Millions on every continent have been killed to satisfy the greed of capitalists. That's what the tensions in the middle east are about. That's what the brutality of life in much of Latin America is about. That's what Trump's threats to North Korea are about. That's why millions, men, women and children, died in Vietnam and Laos and Cambodia.



This brutality certainly wasn't invented by capitalists. It was common among all the aristocracies of empire going back to ancient times. Almost all of the millions killed in all wars that were ever fought were killed to please the greed of the very wealthy. The reality is that all systems require controls. But we are actually removing controls from capitalism.



The game is simple. Either we control the capitalists or they destroy us. Yes, it would be stupid of them to destroy us. But greed will beat brains every time. The wealthy in Canada and the U.S. have been engaged in looting the rest of us for a long time. Through devices like tax avoidance, secret bank accounts, bribed governments, they have been making the rest of us poorer.



And their newspapers have been covering up with propaganda. I noticed a fair bit of that in today's irving press. Today's commentary page has two (count them, two) commentaries that are really from propaganda houses for big business. Then, of course, it has yet another editorial on the government spending too much money. The real questions are 1. why don't we take a realistic look at what we need? and 2. Why don't we raise hell about the issue that the wealthy are hiding the money they owe us?

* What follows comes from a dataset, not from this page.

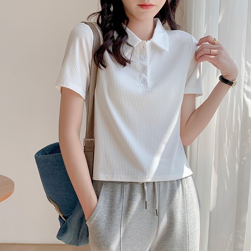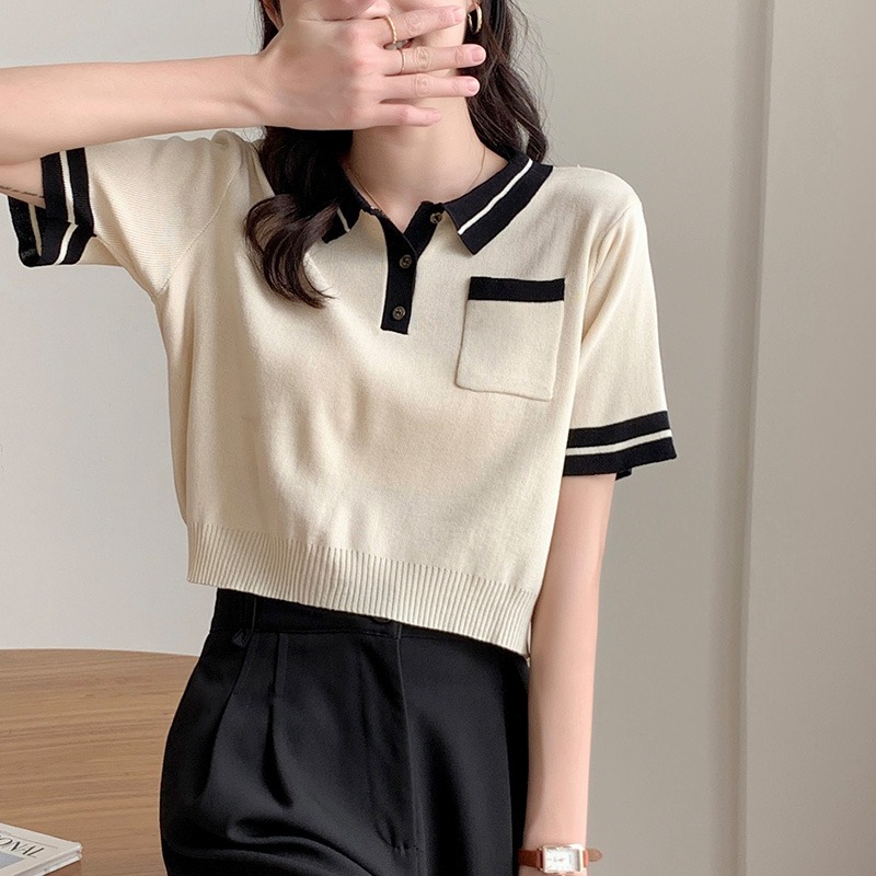 Polo襟ニット半袖tシャツ女性夏薄金2022新デザイン感小衆短金上服ins潮

Uncontrolled greed is one hell of a destructive force. It will, as it always has in the past, destroy itself as well as the rest of us. It's a foolish course for all of us. But the very greedy are very, very foolish people.

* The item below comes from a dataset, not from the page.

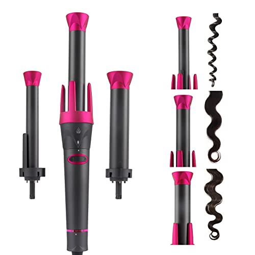 Automatico Ferro Arricciacapelli 3 in 1Professionale Ceramica Arricciacapelli Diverso Diametro Intercambiabile Riscaldamento Rapido, 3 Temperatura Regolabile 380° F-450° F (spina UE)

Since 1945, we have abandoned all that we said we were fighting for in world war 2. And we have thrown most of the world open to the greediest and most foolish people among us.



That's why children are starving to death in Yemen. And that's why those children and millions more around the world, including Canada and the U.S., cannot get food or adequate education or, in many countries, any medical help.



And that's why we're getting close to the wall of darkness that has come over every civilization in the past.



Look at those children in Yemen. We have done that. It wasn't Hitler or Mao or Joseph Stalin. It was us. For seventy years, the U.S. has been galloping along leaving a horrible trail of destruction and suffering and death while most of our news media have blamed everybody else but billionaires and their friends.



Oh, I know what would be a good idea. The rented preacher-of-the-week at the Irving Chapel could take the congregation down the road to the grave of Raoul Leger to hear why he was murdered while a missionary in Guatemala.

(I haven't quite finished even this part yet. These blogs, in fact, are mostly made up from newspapers around the world. So this one is going to run on, I'm afraid. I may add a bit to show how the organized churches for centuries have either avoided taking a position on this, or have actively encouraged it. And that is obviously not going to change now._
 
Stories on human lyres and liens go on and on to keep the rich and powerful out of sublime areas ... where thoughts condense to lesser spots ...
 
It condenses to this ... the focus of the world on the golden rule is just crap ... blindness to those tied to sovereigns ... English coin of the past ... the attachment remains across the nations ... justice is distant ...

Time for the lights to go out again ... dark ages (times) ... yet some try and eliminate the news of times ... tis all faux pas ...
 
Thus this chit continues to fall for the lack of a desire for good for all ... and thus it faced sublimation ... reduction of humanity to a point? Do it boil down?